Voavas de dentro de mim e não te conseguia mais apanhar. Sentavas-te na beira de uma janela qualquer e deixava de ouvir-te. Sentia-te perto mas já não sabia onde te agarrar.
Nos véus que deixavas cair, um a um de mansinho, via o que foste e o que voltarás a ser. Via-te toda, toda tu toda, como não te querias mostrar. Olhava-te forrada no sono, aninhada em ti, enleada nos sonhos que te cobriam até aos pés e não queria mais acordar.
Perdi-me de ti na primeira vez que te entregaste a mim. Nessa derradeira primeira vez, como todas o são, em que te quebraste por inteiro para mim, só para mim, e eu fiquei sem saber como te apertar.
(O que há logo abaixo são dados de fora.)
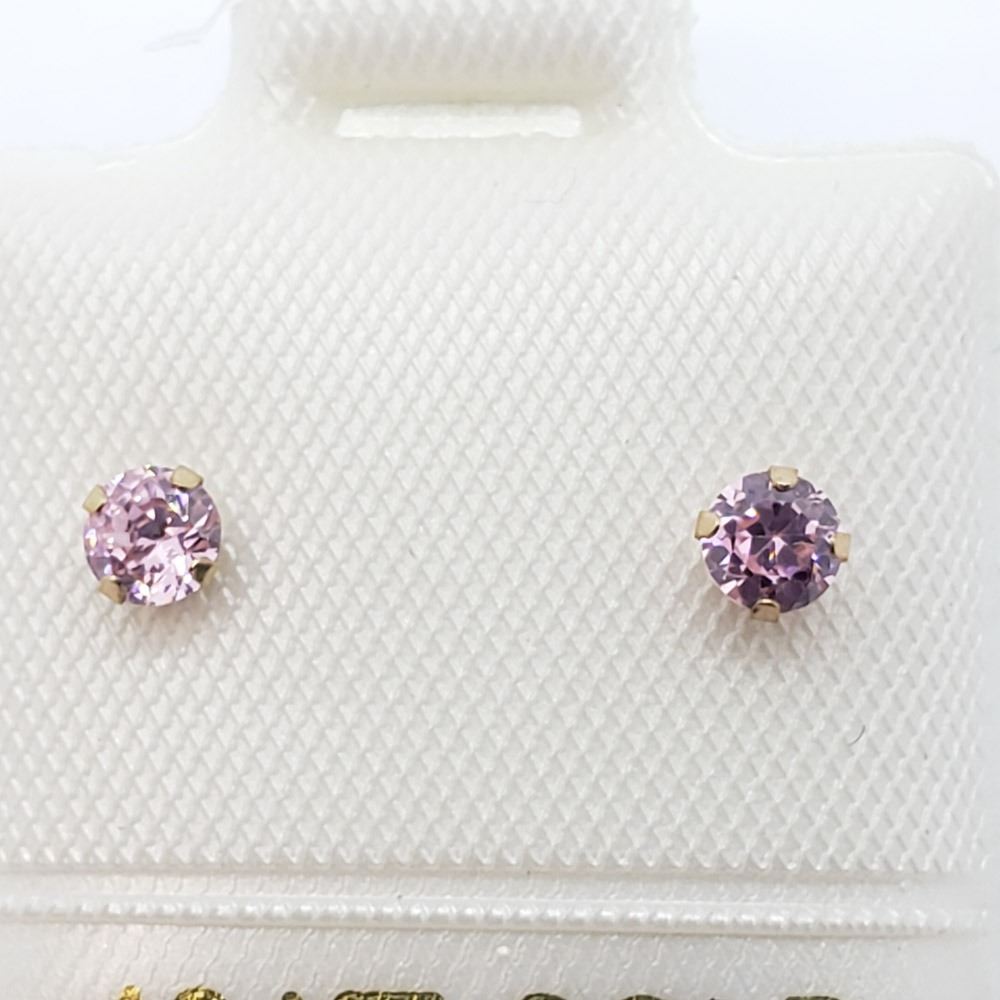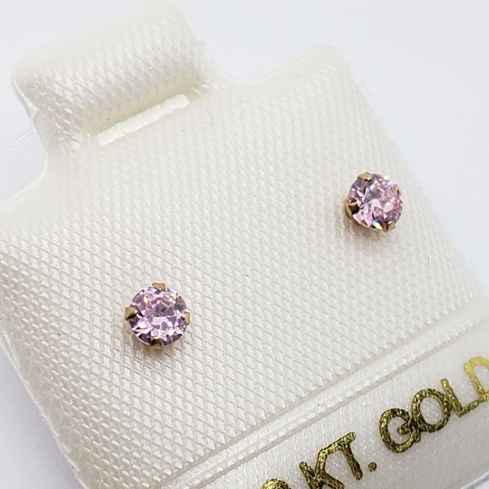 131 - JT52 - 10K YELLOW GOLD PINK CZ EARRINGS, MADE IN CANADA. JEWELRY
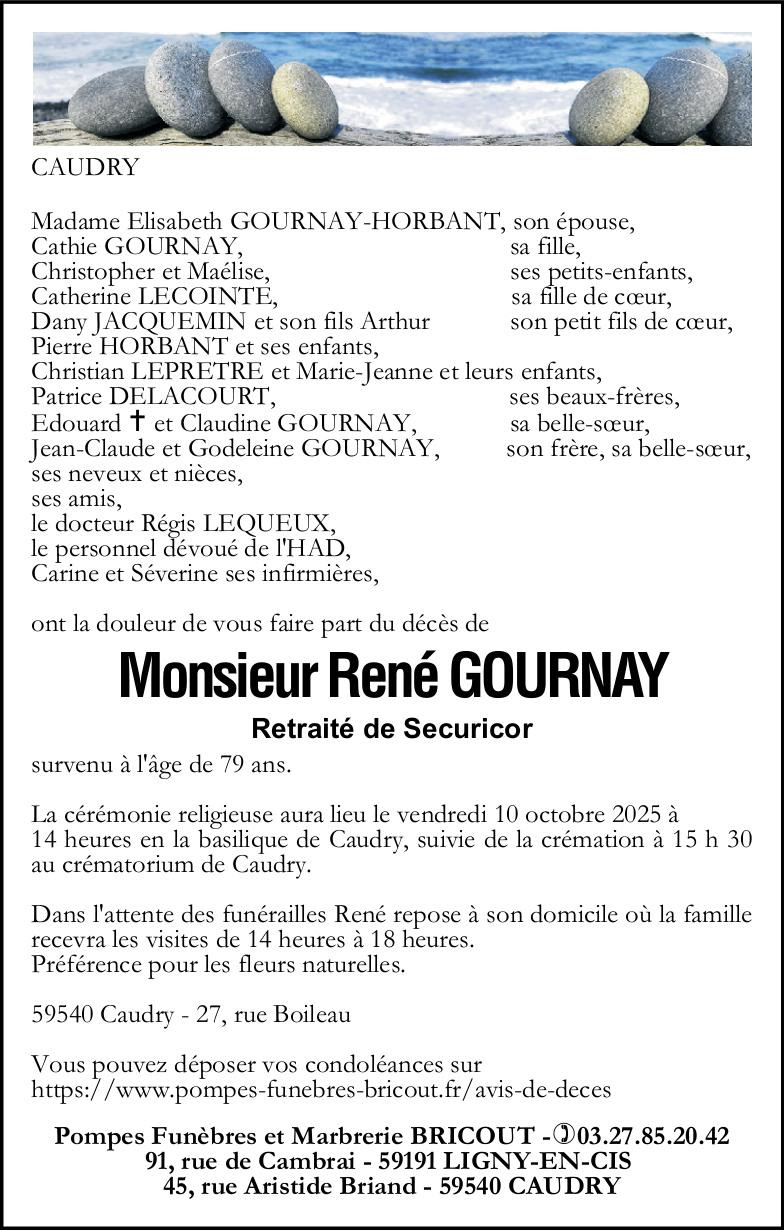 C’est avec une grande tristesse que nous vous annonçons le décès de René GOURNAY survenu le dimanche 05 octobre 2025 à Caudry.

Embalei-me nos teus gemidos e súplicas, nos teus desejos e calores dormentes, nas tuas palavras escorregadias e tremidas. Levaste-me pela mão e eu fui.
A curva dos teus sentidos não era mais do que um reflexo de mim e do que acabáramos de ser. A estrada das tuas mãos levava-me até ao fim de mim, ao principio de nós. A tua pele no meu cheiro, o teu seio na minha boca, o teu sentido de mim soltaram-se dentro do nosso fundo e fizeram-te voar até à lua mais alta no céu mais claro do mundo mais infinito.
Quebrámos os dois e encontrámo-nos de novo. Uma e outra vez como em todas que desejámos. Sempre no principio de ti e no fim de mim. E quando me acabavas e entontecido não fazia mais do que apenas ser, abrias as tuas asas de mil sons e voavas para longe de mim, perdida num canto onde não te conseguia ver.
Agora pedes-me mais e eu não tenho mais nada para dar. Na transparência do que te digo - digo-te, conto-te, provoco-te, deixo-te, quebro-te -, mostro-te que de mim ja tens tudo, já nada mais tenho para te entregar. Brotas de novo em mim, boca com boca, peito com pele, mão no meu canto e entregas o laço com que me pedes para te prender de dentro de mim, para fora de nós, do início do que fui e do que sou.
Agora sei-te sempre aqui, agora já não queres voar. Não desapareces e não te desencontro. Nós dois somos um.